Godfrey S
Institute of Pulmonology, Hadassha University Hospital, Jerusalem.
Agents Actions Suppl. 1993;40:109-43. doi: 10.1007/978-3-0348-7385-7_10.
Asthma is a common disease of children the basis of which is a state of chronic immunological inflammation which causes bronchial hyperreactivity and renders the patient liable to develop widespread airways obstruction in response to a variety of stimuli. In many instances it is likely that the immunological inflammation results from ongoing antigenic stimuli with the release of chemical mediators responsible for short term bronchospasm and cytokines responsible for the ongoing inflammatory process. Other insults can apparently result in very similar immunological events in asthmatics, particularly viral infections and a similar process can be initiated in children without asthma, including those with chronic bacterial infections of the lungs. There are differences in the bronchial hyperreactivity of asthma and other diseases which suggest that in the asthmatic the mast cell is either different structurally or functionally and this renders the patient susceptible to exercise induced asthma in addition to the bronchial hyperreactivity to chemical mediators common to a number of diseases with hyperreactivity. There is good evidence of direct genetic control of atopy and the large majority of children with asthma are atopic but there is no direct genetic link between atopy and asthma and twin studies strongly suggest the existence of a 'permissive' asthma gene which will allow the disease to develop if there is an appropriate external trigger. The only drugs which have been shown to significantly reduce bronchial reactivity are the corticosteroids with a lesser effect noted for sodium cromoglycate and nedocromil. Inhaled corticosteroids can reverse the immunologic inflammatory process and reduce bronchial reactivity, sometimes to normal levels, but on stopping treatment the patient reverts back to the asthmatic state. At the present time it appears that controlled longterm inhaled corticosteroid therapy is the most rational treatment for significant perennial childhood asthma.
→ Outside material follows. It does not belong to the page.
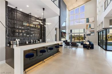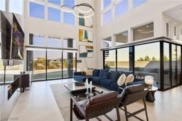Experience luxury living at its finest in this one-of-a-kind, fully furnished modern masterpiece in the prestigious guard-gated community of Summerlin. Spanning 4,888 square feet, this 5-bed, 5.5-bath home has been meticulously upgraded over two years with no detail overlooked. From the moment you enter, soaring ceilings and oversized sliders flood the space with natural light and frame breathtaking city views. The gourmet kitchen is a showstopper with a custom stone; lighted dining table seamlessly integrated into the island. Entertain in style with a sleek, custom-designed bar and spacious game room. Each bedroom is a private retreat with its own en-suite bathroom, uniquely designed with high-end stonework and dramatic lighting. Step out onto the balcony to soak in the panoramic skyline or relax on the expansive patio that blends indoor and outdoor living. This residence offers a rare blend of bold design and sophisticated comfort—perfect for the most discerning resident.

哮喘是儿童的常见疾病,其基础是慢性免疫炎症状态,这种状态会导致支气管高反应性,并使患者易于因各种刺激而出现广泛的气道阻塞。在许多情况下,免疫炎症可能源于持续的抗原刺激,导致负责短期支气管痉挛的化学介质以及负责持续炎症过程的细胞因子释放。其他损伤显然也可在哮喘患者中引发非常相似的免疫反应,尤其是病毒感染,并且在无哮喘的儿童中,包括患有慢性肺部细菌感染的儿童中,也可启动类似过程。哮喘与其他疾病在支气管高反应性方面存在差异,这表明哮喘患者的肥大细胞在结构或功能上有所不同,这使得患者除了对多种具有高反应性的疾病所共有的化学介质产生支气管高反应性外,还易患运动诱发性哮喘。有充分证据表明特应性受直接遗传控制,大多数哮喘儿童患有特应性,但特应性与哮喘之间没有直接的遗传联系,双胞胎研究强烈提示存在一种“许可性”哮喘基因,如果有适当的外部触发因素,该基因会使疾病得以发展。已证明能显著降低支气管反应性的唯一药物是皮质类固醇,色甘酸钠和奈多罗米的效果稍差。吸入皮质类固醇可逆转免疫炎症过程并降低支气管反应性,有时可降至正常水平,但停止治疗后患者会恢复到哮喘状态。目前,对于严重的常年性儿童哮喘,似乎控制性长期吸入皮质类固醇疗法是最合理的治疗方法。